* _Given information_:
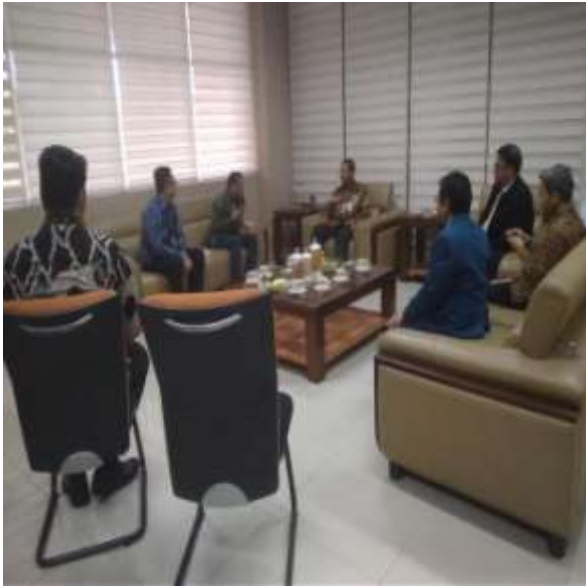
Proses Liputan di Ruang Rektor
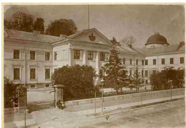
Zakład Narodowy im. Ossolińskich we Lwowie

Polecenie: Zapoznajcie się uważnie z informacjami
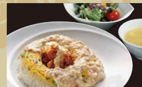
桃華の親子丼 ¥900 (税込¥990)
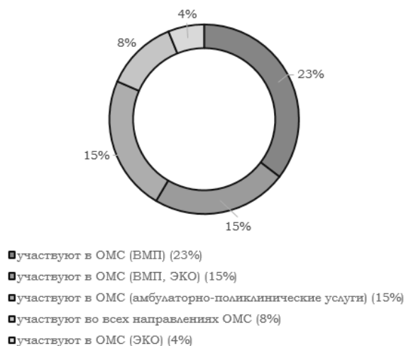
Рис. 2. Участие клиник в системе обязательного медицинского страхования по видам оказываемых услуг, в %

можно сделать вывод, что рынок платных медицинских услуг в настоящее время еще недостаточно развит в России. Между тем с каждым годом растет доля участия коммерческих медицинских организаций в процессе оказания разного рода медицинских услуг населению. Эффективное сочетание рыночных механизмов и государственного участия будет оказывать положительный эффект на
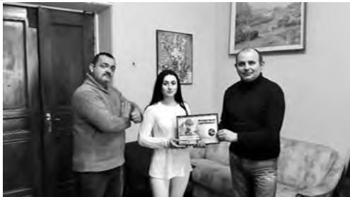
фотографа с героями, столь важного для создания удачных снимков!
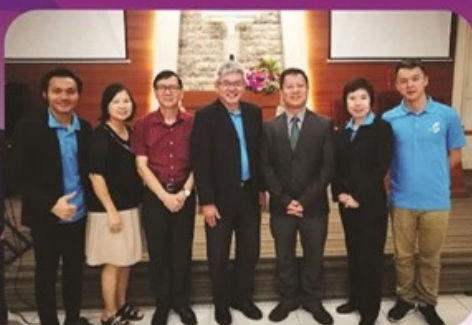
长老会苏雅喜乐堂
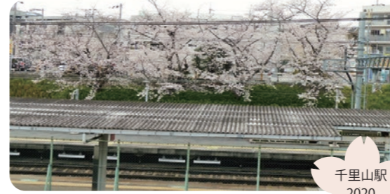
電車に乗る度見惚れます。
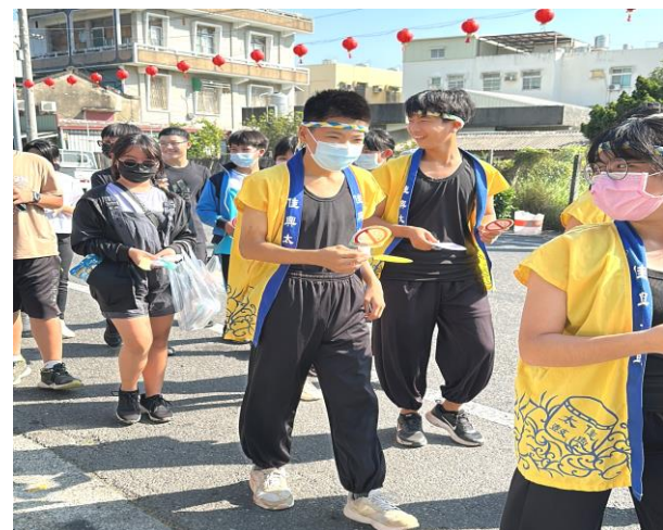
配合在地廟宇活動向社區居民宣導菸酒檳防制觀念以維護身體健康
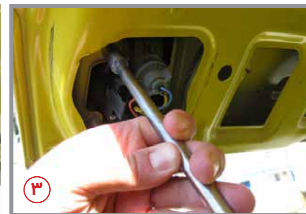
۲ - در این مرحله با استفاده از آچار بکس، شروع به باز کردن مهره های پیچهای چراغ خطر کنید. (مطابق شکل ۳)

نکته در مورد چراغهای خطر سمند تعداد پیچها ۳ عدد می باشد و در برخی چراغهای خطر دیگر نظیر خطر خودروی پارس و ۴۰۵ تعداد پیچها ۴ عدد می باشند.
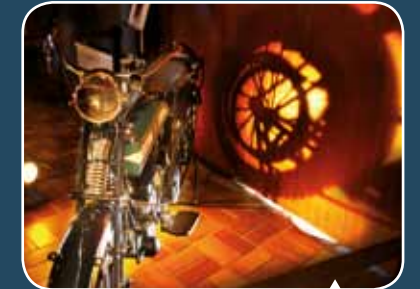
Une moto anglaise utilisée par l'armée française en 1914.
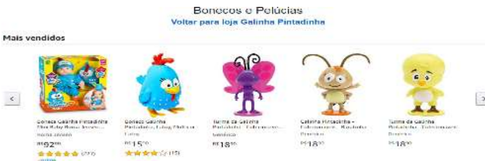
Figura 22- produtos da Loja

* _Directions for this task_: Only exact repeats of the lines from the one containing "نکته در مورد" through the end of the listing above are wanted here; pictures are not.

* _Answer space_:
نکته در مورد چراغهای خطر سمند تعداد پیچها ۳ عدد می باشد و در برخی چراغهای خطر دیگر نظیر خطر خودروی پارس و ۴۰۵ تعداد پیچها ۴ عدد می باشند.
Une moto anglaise utilisée par l'armée française en 1914.
Figura 22- produtos da Loja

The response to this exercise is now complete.